> **Raw data**:
--

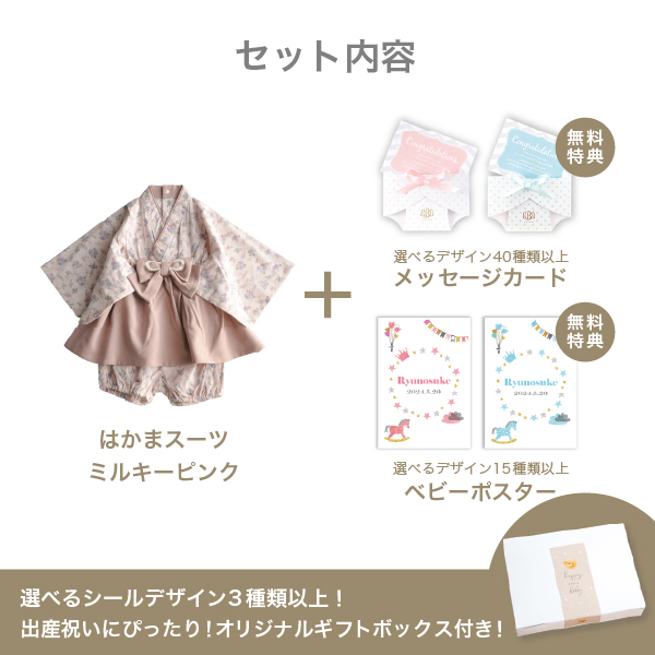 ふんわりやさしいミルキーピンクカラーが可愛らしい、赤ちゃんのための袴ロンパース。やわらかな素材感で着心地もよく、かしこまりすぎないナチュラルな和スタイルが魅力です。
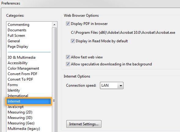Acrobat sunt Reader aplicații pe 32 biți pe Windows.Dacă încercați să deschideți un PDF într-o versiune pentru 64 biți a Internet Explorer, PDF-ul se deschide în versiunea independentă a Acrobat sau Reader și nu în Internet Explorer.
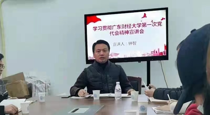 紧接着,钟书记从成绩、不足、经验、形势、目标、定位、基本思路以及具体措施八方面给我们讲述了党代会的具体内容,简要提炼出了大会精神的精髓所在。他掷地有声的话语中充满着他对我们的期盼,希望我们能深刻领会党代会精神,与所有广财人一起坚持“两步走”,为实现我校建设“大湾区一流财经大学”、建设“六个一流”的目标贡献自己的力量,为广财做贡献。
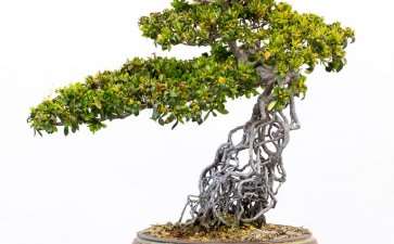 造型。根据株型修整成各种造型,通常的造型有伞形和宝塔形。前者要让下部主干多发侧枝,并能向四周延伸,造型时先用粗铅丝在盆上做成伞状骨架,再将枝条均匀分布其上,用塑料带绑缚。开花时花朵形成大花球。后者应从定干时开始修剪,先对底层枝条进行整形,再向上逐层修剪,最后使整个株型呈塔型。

--

> **The problem**:
Send back the data above verbatim, leaving out its pictures.

> **Exercise output**:
 ふんわりやさしいミルキーピンクカラーが可愛らしい、赤ちゃんのための袴ロンパース。やわらかな素材感で着心地もよく、かしこまりすぎないナチュラルな和スタイルが魅力です。
Acrobat sunt Reader aplicații pe 32 biți pe Windows.Dacă încercați să deschideți un PDF într-o versiune pentru 64 biți a Internet Explorer, PDF-ul se deschide în versiunea independentă a Acrobat sau Reader și nu în Internet Explorer.
 紧接着,钟书记从成绩、不足、经验、形势、目标、定位、基本思路以及具体措施八方面给我们讲述了党代会的具体内容,简要提炼出了大会精神的精髓所在。他掷地有声的话语中充满着他对我们的期盼,希望我们能深刻领会党代会精神,与所有广财人一起坚持“两步走”,为实现我校建设“大湾区一流财经大学”、建设“六个一流”的目标贡献自己的力量,为广财做贡献。
 造型。根据株型修整成各种造型,通常的造型有伞形和宝塔形。前者要让下部主干多发侧枝,并能向四周延伸,造型时先用粗铅丝在盆上做成伞状骨架,再将枝条均匀分布其上,用塑料带绑缚。开花时花朵形成大花球。后者应从定干时开始修剪,先对底层枝条进行整形,再向上逐层修剪,最后使整个株型呈塔型。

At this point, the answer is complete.